Dal numero 6 di Toscana Oggi del 10 febbraio 2013
Treno della memoria 2013 – Tra i tanti drammi del ‘900 c’è ne uno in particolare che è ancora in gran parte sconosciuto: lo sterminio di Rom e Sinti
di Lorenzo Canali
Il volto di una tragedia può avere tante sfaccettature. Il dolore può essere chiamato con nomi diversi. Tra i tanti drammi del ’900 ce n’è uno in particolare che è ancora in gran parte sconosciuto. È la sofferenza di un popolo che nella sua esistenza ha sempre dovuto subire persecuzioni e discriminazioni, pur vivendo costantemente in pace senza causare mai alcuna guerra. È lo strazio del «Porrajmos». In lingua romanì significa «divoramento» e viene utilizzato per indicare il genocidio di 500mila tra Rom e Sinti, ad opera dell’odio nazifascista durante la Seconda guerra mondiale.
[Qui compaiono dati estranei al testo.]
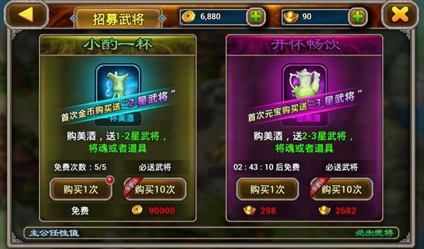 《X三国》新版酒馆这次也做出重大改善,原本只有武将和将魂的酒馆,现在变成集武将、将魂、装备、阵法、材料于一身的多功能酒馆。只要有“钱”,玩家将不需要再为没有装备的问题而烦恼啦。俗话说的好啊,有钱,就是任性。
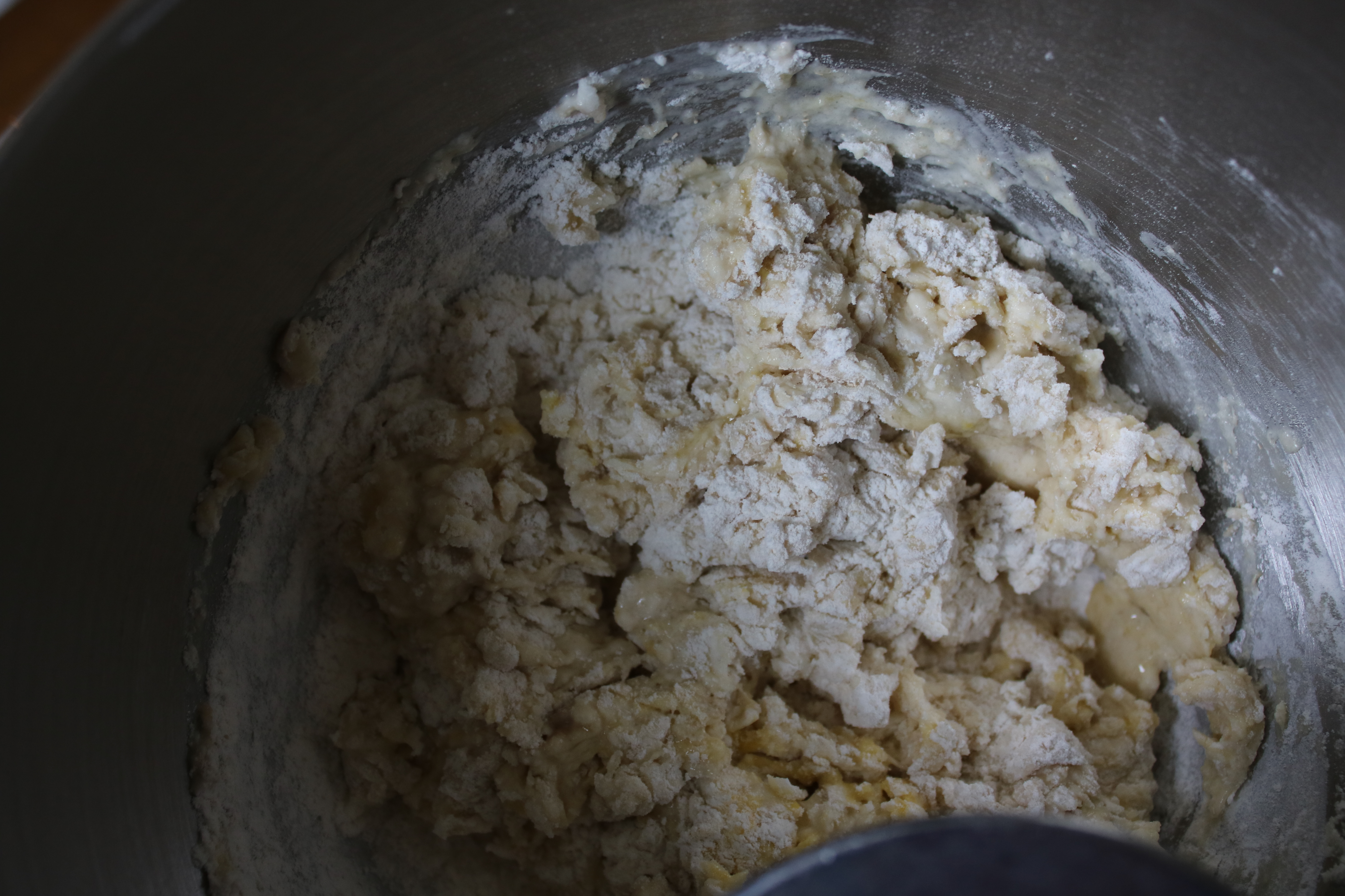 I added a smidge of flour since the dough was more sticky than tacky. My logic is that if you were kneading it by hand, it would pick up and incorporate some of the flour you sprinkle on the board.
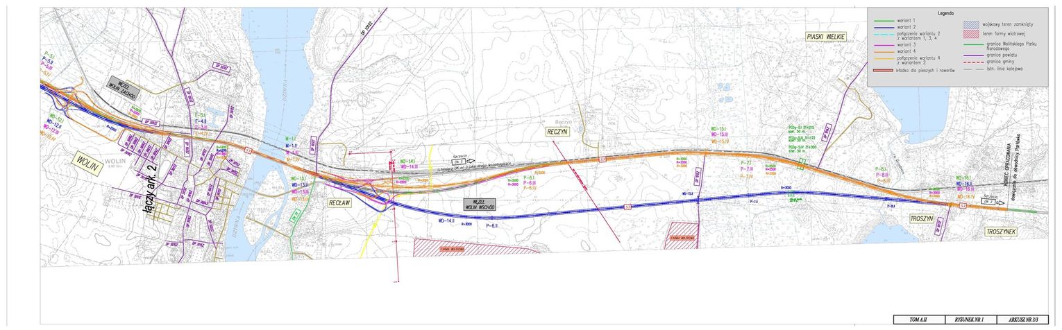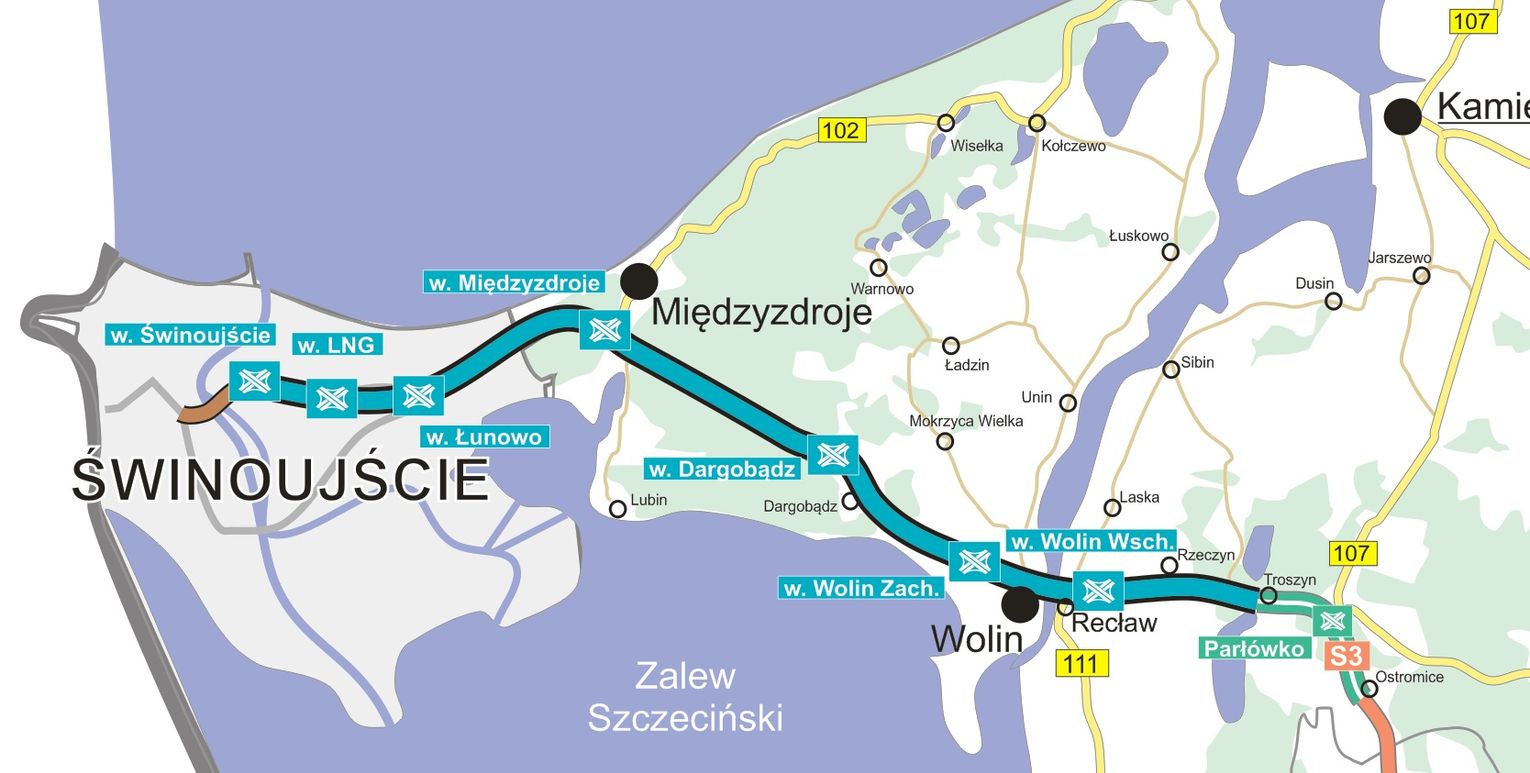 Początkiem odcinka Świnoujście - Troszyn będzie skrzyżowanie ulic Fińskiej, Duńskiej i Wolińskiej w Świnoujściu, które znajduje się przy terminalu promów morskich, w miejscu tym niniejsza inwestycja będzie się łączyła z wlotem do tunelu łączącym wyspy Uznam i Wolin. Trasa będzie przebiegała w dużej mierze z wykorzystaniem istniejącego korytarza drogi krajowej nr 3. Droga będzie miała dwie jezdnie po dwa pasy ruchu w każdą stronę wraz z pasami awaryjnymi. Zaplanowano 7 węzłów drogowych, z tego 3 na terenie Miasta Świnoujście. Trasa zakończy się na włączeniu w istniejącą obwodnicę Troszyna, Parłówka i Ostromic.
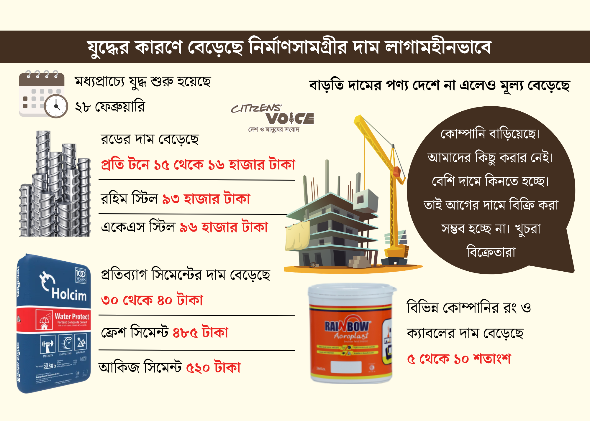 মধ্যপ্রাচ্যে চলমান যুদ্ধ শুরু হয়েছে গত ২৮ ফেব্রুয়ারি। এরপর থেকেই দেশের নির্মাণসামগ্রীর বাজারে অস্থিরতা দেখা দিয়েছে। যদিও আমদানি করা অনেক পণ্যের সরাসরি দাম না বাড়লেও রড, সিমেন্ট, রং ও বৈদ্যুতিক তারসহ নির্মাণ খাতে ব্যবহৃত প্রায় সব পণ্যের দাম লাগামহীনভাবে বেড়ে গেছে। এতে চাপে পড়েছেন সাধারণ ক্রেতা ও নির্মাণসংশ্লিষ্ট ব্যবসায়ীরা। গতকাল শনিবার (১১ এপ্রিল) রাজধানীর বিভিন্ন বাজার ঘুরে এবং ক্রেতা-বিক্রেতাদের সঙ্গে কথা বলে এসব তথ্য জানা গেছে।
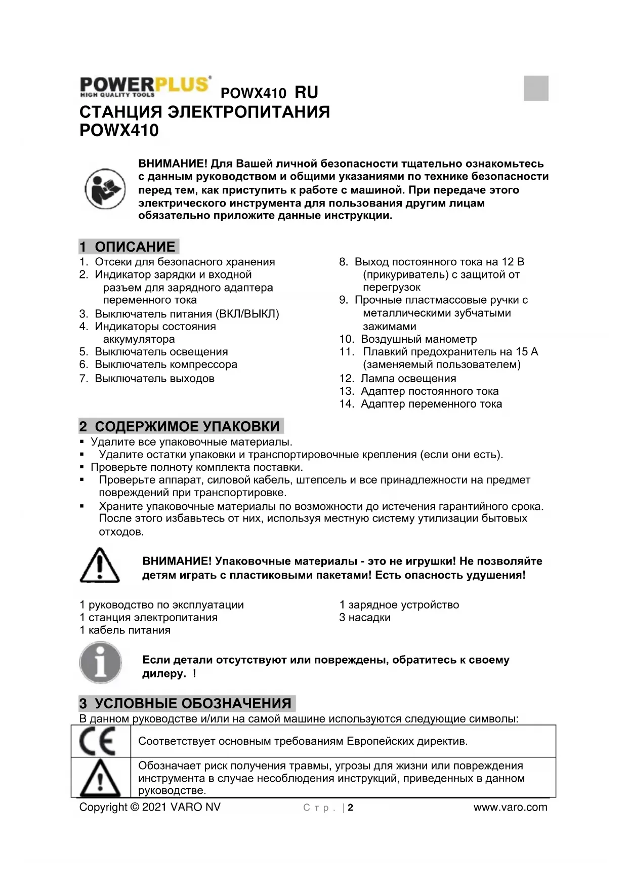 - 12 ДЕКЛАРАЦИЯ СООТВЕТСТВИЯ POWX410 RU Copyright © 2021 VARO NV С т р . | 2 www.varo.com СТАНЦИЯ ЭЛЕКТРОПИТАНИЯ POWX410 ВНИМАНИЕ! Для Вашей личной безопасности тщательно ознакомьтесь с данным руководством и общими указаниями по технике безопасности перед тем, как приступить к работе с машиной. При передаче этого электрического инструмента для пользования другим лицам обязательно приложите данные инструкции. 1 ОПИСАНИЕ p. 11
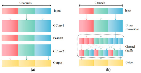 Research on image classification methods based on lightweight deep neural networks has made considerable progress in recent years. Among them, the ShuffleNet series algorithms proposed by Megvii Technology have been widely applied in object detection for edge computing due to their ability to achieve the best model accuracy with limited computational resources. The ShuffleNet network employs two core operations [22]: group convolution and channel shuffle. These operations substantially decrease the model’s computational intricacy while preserving accuracy. However, group convolution is limited in that each group operates independently without feature fusion between groups. As shown in Figure 4a, when the convolution kernel is divided into three groups, the resulting feature maps are also divided into three groups, with each group only exchanging information internally, lacking any information fusion between groups. Therefore, ShuffleNetv1 proposed the concept of channel shuffle, which divides the channels in the feature map into several groups according to certain rules and then rearranges the elements within each group. Doing so enhances the information interaction and fusion between channels, increasing the model’s non-linear expression capability without compromising network accuracy. The channel shuffle operation is illustrated in Figure 4b.
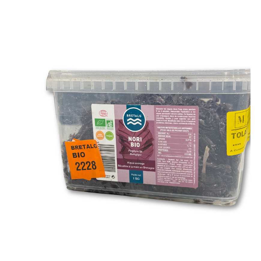 Ingrédients : Porphyra Sp.* Sel marin non traité. Sans OGM, absence d'ionisation et de nanomatériaux. Produit longue conservation stabilisé au sel à conserver entre +3°C et +8°C. Ne pas congeler. Peut contenir d'éventuelles traces de crustacés, mollusques et/ou polssons.
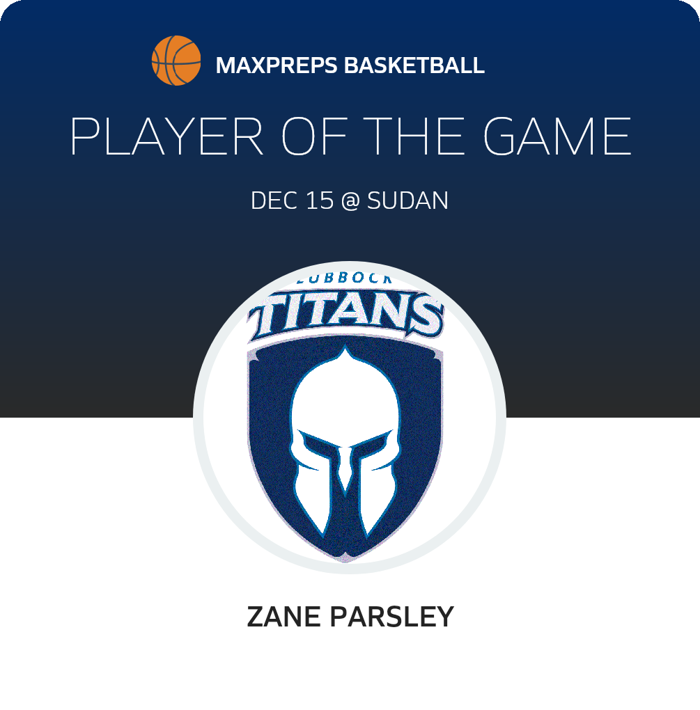 Congratulations to #24 Zane Parsley for being selected the Lubbock Titans JV Basketball Player of the Game.
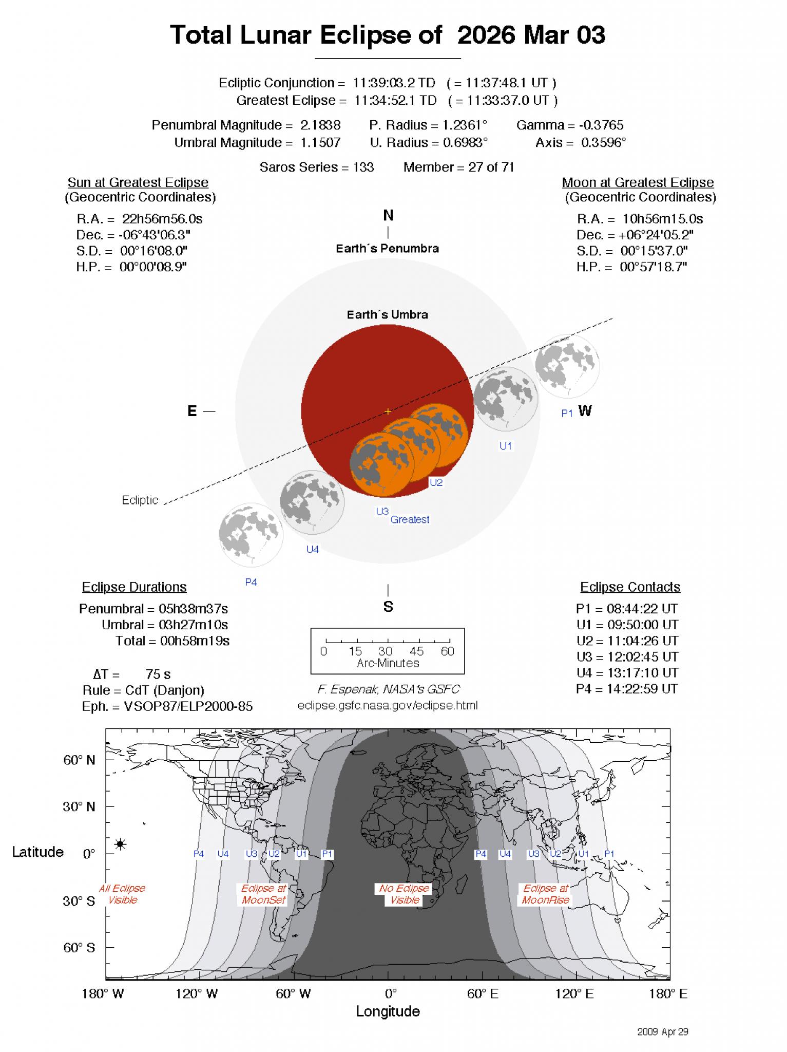 3.03.2026 Yarı Gölgeli Tutulmanın Başlangıcı 11:43:57.6 Ay Tutulmasının Görülebileceği Yerler:
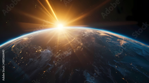 Obraz premium Earth seen from space with the sun rising above
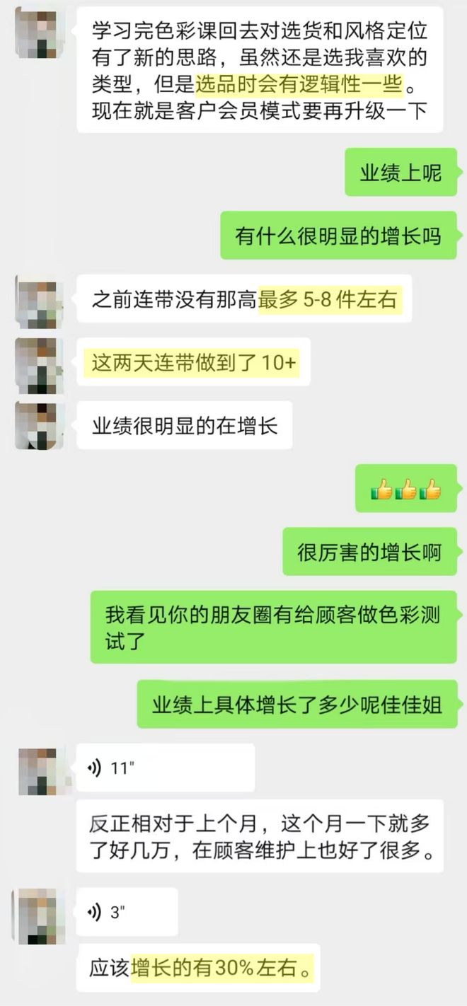 从一开始的怀疑,到沉下心上完色彩搭配课后把「看客拿衣」「形象诊断」等方法一步步落地,灿灿才发现专业对业绩的提升有多大:

Una tragedia ricordata agli oltre 500 ragazzi giunti dalla Toscana ad Auschwitz con l’ottava edizione del Treno della Memoria.«Signore proteggi le anime di tutti gli innocenti morti nei lager e dona la consapevolezza all’umanità che le guerre portano solo annientamento e morte». Questa la preghiera pronunciata a Birkenau da Demir Mustafa, presidente dell’associazione Amalipé romanò di Firenze. «Si parla pochissimo dell’olocausto del popolo romanì – spiega Mustafa –. Ciò dipende in parte dal fatto che non sono stati molti i sopravvissuti al lager; a questo si aggiunge il forte pregiudizio che ancora oggi esiste nei confronti di queste comunit
La persecuzione di Rom e Sinti ha radici profonde in tutta Europa ed anche in Toscana. Il 3 novembre 1547, a Firenze un «bando sopra li Zingani et Zingane» costrinse queste popolazioni ad abbandonare il Gran Ducato.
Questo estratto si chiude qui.